A September Turning Point
Red Lobster, described as "the world’s largest and most‑loved seafood restaurant company," has set a fresh table for off‑premise diners with a chainwide voice AI move. Announced on "September 23, 2025," the company is deploying an AI‑powered phone ordering agent with SoundHound AI across "approximately 545 locations." The brief is precise and unfussy: capture demand without delay, and make reordering as familiar as a favorite booth by the window. Engineered to ensure "every phone call is answered—no matter how busy the restaurant becomes," the system can juggle multiple calls at once, ushering guests toward store hours, locations, and menu clarity. It is trained on Red Lobster’s full menu for speed and accuracy, and crucially, orders route straight into the point‑of‑sale—no handoffs to fray at the edges during a dinner rush. For those who prefer a human cadence, the line remains open to a live agent.
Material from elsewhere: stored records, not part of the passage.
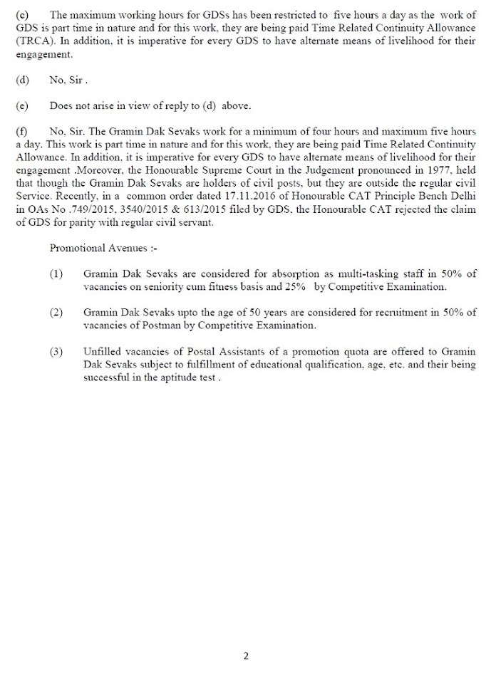 GRAMIN DAK SEVAKS :: Lok Sabha Q &A (16-09-2020)
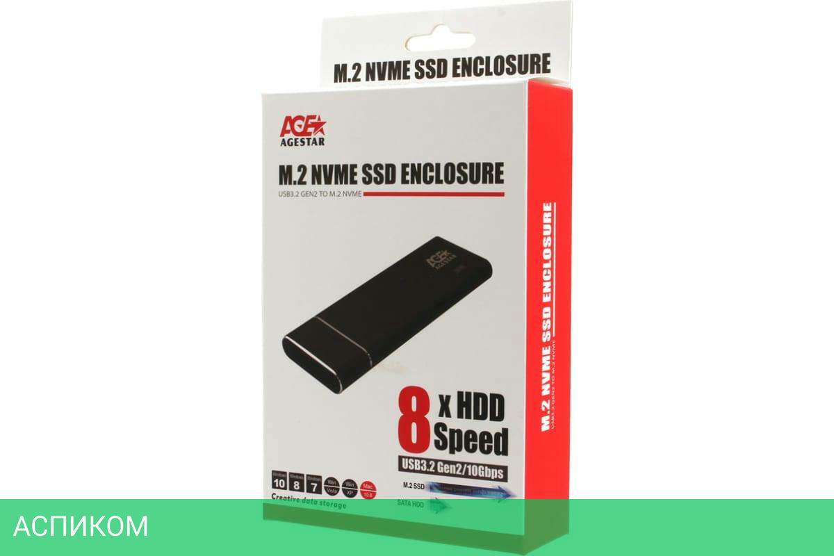 бокс / M.2 / PCIe с поддержкой NVMe / USB 3.2 Gen2 Type-A (10 Гбит/с) / 1 / USB / горизонтальное / алюминий
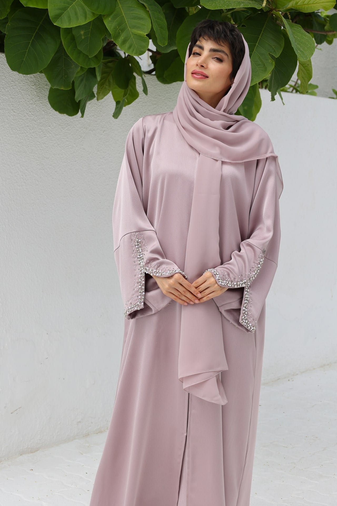 Jede Abaya wird inklusive passenden Kopftuch geliefert.
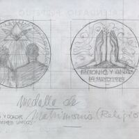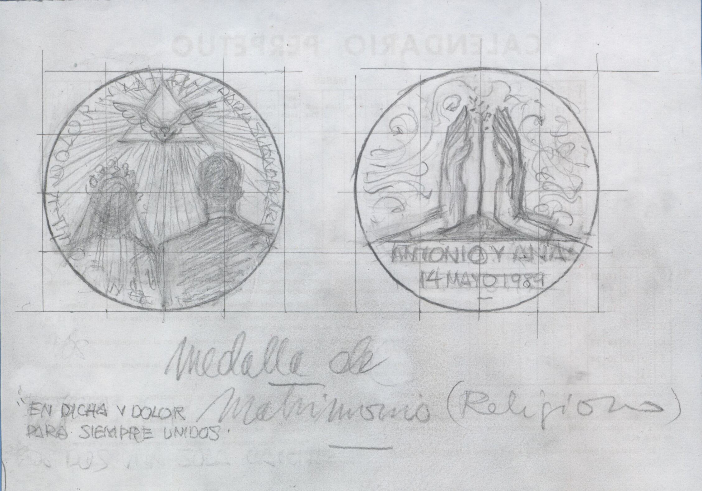 Boceto a lápiz sobre fondo cuadriculado, de una medalla que representa el matrimonio religioso, en el anverso la imagen de los novios de espaldas en día de su boda frente a Dios y a su lado en el reverso la imagen de dos manos que protegen y conservan un árbol en pleno desarrollo.para Numismáticas Iberica. Otros Archivos.: sin referencias solo en catálogo
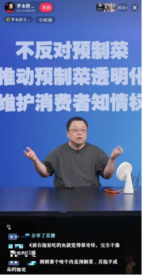 9月12日晚間,羅永浩在多平臺(tái)同步直播,開(kāi)播僅10分鐘其抖音直播間觀看人數(shù)已超10萬(wàn)。羅永浩在直播中以西貝使用的“凍海鱸魚(yú)”舉例,認(rèn)為食用這種經(jīng)過(guò)深度工業(yè)化處理的食材與大眾去餐廳追求新鮮的初衷顯然不符,且稱(chēng)西貝“是所有賣(mài)預(yù)制菜餐廳里賣(mài)最貴的”。羅永浩強(qiáng)調(diào),預(yù)制菜還沒(méi)有正式的國(guó)家標(biāo)準(zhǔn),不反對(duì)預(yù)制菜,而是主張“推動(dòng)中國(guó)預(yù)制菜行業(yè)透明化、保障消費(fèi)者的知情權(quán)”,并點(diǎn)贊了餐飲品牌老鄉(xiāng)雞公示菜品區(qū)分“現(xiàn)做”“半預(yù)制”“預(yù)制”加工等級(jí)的舉措。
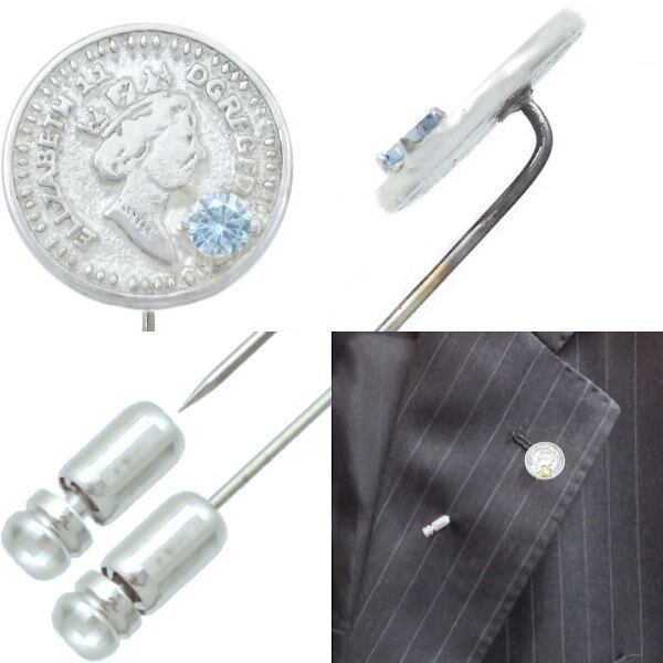 (3月)アクアマリン ホワイト エリザベス コイン シルバー ラペルピン 誕生石*BK-1220
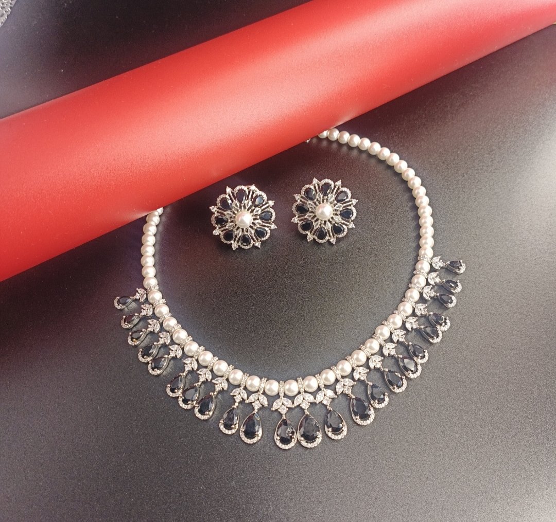 A classy pearl and black stone necklace set designed to add elegance to any outfit—perfect for parties and festive wear.

It is a measured embrace of automation: a warmer welcome, not a closed door. Analysis: The announcement establishes national scope and intent—an AI phone agent across roughly 545 restaurants to prevent missed demand—pairing automation with human backup to mitigate risk during busy periods.
The Persistent Bottleneck
Phone lines are often the unseen host stand—where impatience can gather like a queue at twilight. Red Lobster’s rollout concentrates on a stubborn constraint: missed or delayed phone orders that erode service promises and, by extension, loyalty. By handling multiple simultaneous calls and guiding guests through concrete questions—hours, location, the precise contours of a menu—the system aims to remove friction at the earliest touchpoint. The culinary choreography here is back‑of‑house in spirit. Training the agent on the full menu is designed to sharpen order accuracy and tempo, while direct POS integration removes rekeying—those small opportunities where errors creep in like too much salt in a bisque. The value proposition is less spectacle than steadiness: a reliable voice, an efficient path to the kitchen, and a quieter workload for teams who can redirect attention to the dining room and to keeping food hot and high‑quality. Analysis: By focusing on reliability and speed in phone ordering, the initiative targets a concrete, recurring pain point, promising capacity gains without burdening staff with duplicate tasks.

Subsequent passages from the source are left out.